In Upstate New York a few weeks earlier, Waheed Allah Mohammad, an immigrant from Afghanistan, was charged with attempted murder after repeatedly stabbing his 19-year-old sister. The Rochester Democrat and Chronicle reported that Mohammad was "infuriated because his younger sister was going to clubs, wearing immodest clothing, and planning to leave her family for a new life in New York City" - she was a "bad Muslim girl," he told sheriff's investigators.
On New Year's Day in Irving, Texas, the bullet-riddled bodies of the Said sisters - Sarah, 17, and Amina, 18 - were found in an abandoned taxi. Police issued an arrest warrant for their father, an Egyptian immigrant named Yaser Abdel Said, who had reportedly threatened to kill them upon learning that they had boyfriends. According to the Dallas Morning News, Yaser Said was given to "gun-waving rants about how Western culture was corrupting the chastity of his daughters."

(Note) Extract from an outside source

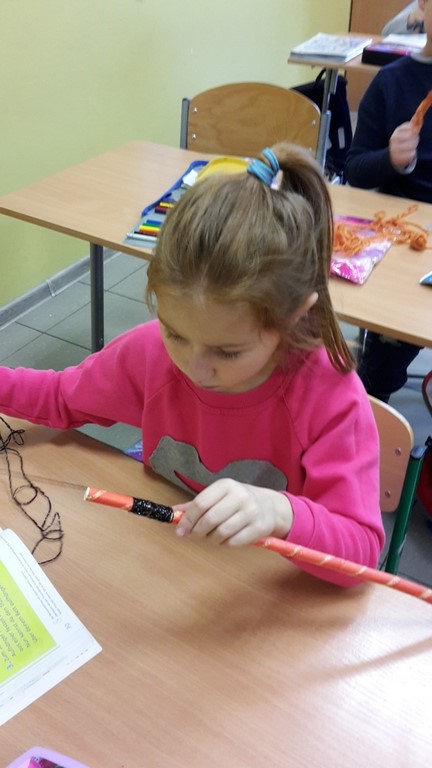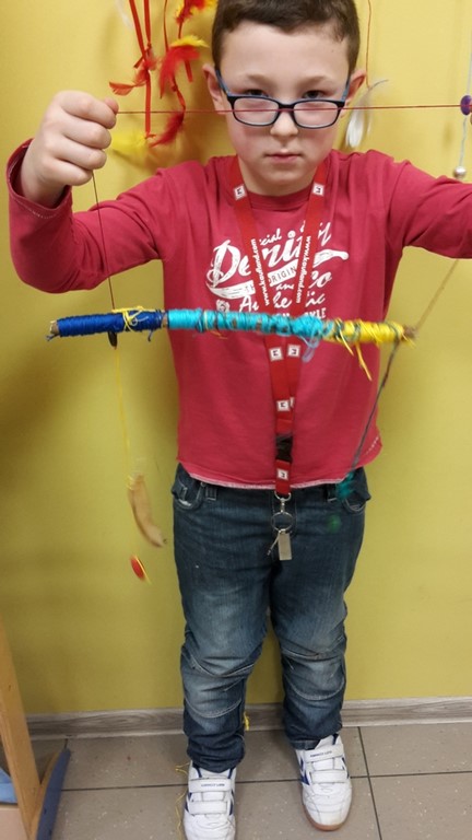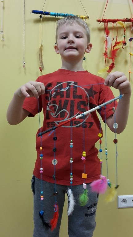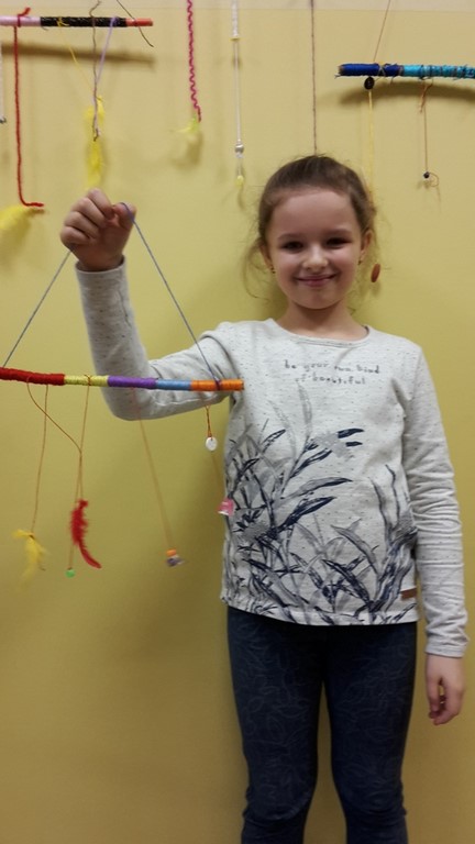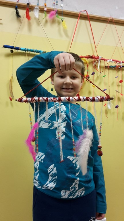 Uczniowie klasy I poznali także Indian oraz ich kulturę. Dowiedzieli się, że to właśnie plemienni Indianie wymyślili i tworzyli łapacze snów, którym przypisywali tajemną moc ochrony przed złymi snami. Wierzono, że zawieszony nad posłaniem łapacz snów ma chronić śpiącego przed marami sennymi. Złe sny miały być filtrowane przez sieć łapacza, a następnie, wraz z pierwszymi promieniami słońca, spłynąć swobodnie po piórach i przejść w niebyt. Pierwszoklasiści podczas zajęć wykonali wiszącą ozdobę, składającą się z gałęzi owiniętej włóczką oraz swobodnie zwisających piór, koralików, guzików oraz wstążek.

These are brutal, premeditated, and bloody crimes intended to send a message and our government is treating this as a series of isolated incidents. In a strange way, these honor killings seem to be treated like black on black killings in the inner city. As long as they are not affecting the "good" people, meh why bother. Maybe it's more about political correctness and a fear of profiling a protected group.
Either way, I can only imagine the government response to any other religious group if they had a comparable year. Terror cells in the churches...frequent honor killings of their daughters and wives...Afghan training camps. I'm sure there would be memos from Janet "Big Sis" Napolitano. Maybe a few jack-booted wake up calls at 2AM.

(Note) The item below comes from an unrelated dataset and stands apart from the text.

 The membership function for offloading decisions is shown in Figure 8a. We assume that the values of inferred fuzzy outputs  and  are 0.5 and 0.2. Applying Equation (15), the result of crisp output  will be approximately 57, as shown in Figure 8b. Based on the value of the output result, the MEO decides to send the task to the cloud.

I am reminded of a story from Detroit, about an honor killing nearly 90 years ago. The young woman was thrown into a river, legs weighted with concrete. She was literally torn off the family tree and family members born after her death knew nothing of her existence. The Detroit News covered the story in 2007. The story below is a fascinating read.
Frances Costa was thrown into the river in 1920, when she was 16, her legs weighted down with concrete. She has long since become a part of the river, one of its innumerable watery secrets, lost forever. Lost, until a great-niece started asking questions of family members, and found horror in the answers.

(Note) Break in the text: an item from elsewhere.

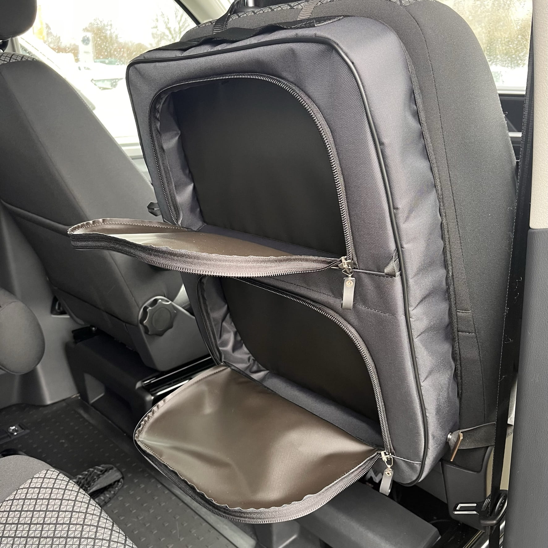 Organizer designed for the front seats of cars such as VW Caddy, Peugeot Rifter, Toyota Proace, VW Multivan, Renault Trafic and others

It was Costa's two older brothers, relatives said, who killed the girl.
"When I first heard about it, I thought, 'oh my God, I have the blood of murderers running through my veins,' " said Tintori, standing by the river off Belle Isle on Tuesday. The West Bloomfield mother and wife, 59, is a successful author.
She is also the eldest daughter of the eldest daughter of the eldest daughter of a Sicilian family that came to America in the early 20th century harboring secrets, as well as the unshakable rule that family secrets must never be told.
Omerta is what they call it in Sicily: the code of silence.
Tintori has shattered her family's omerta with her memoir "Unto the Daughters" (St. Martin's Press, $24.95), about her quest to find out what became of her great-aunt.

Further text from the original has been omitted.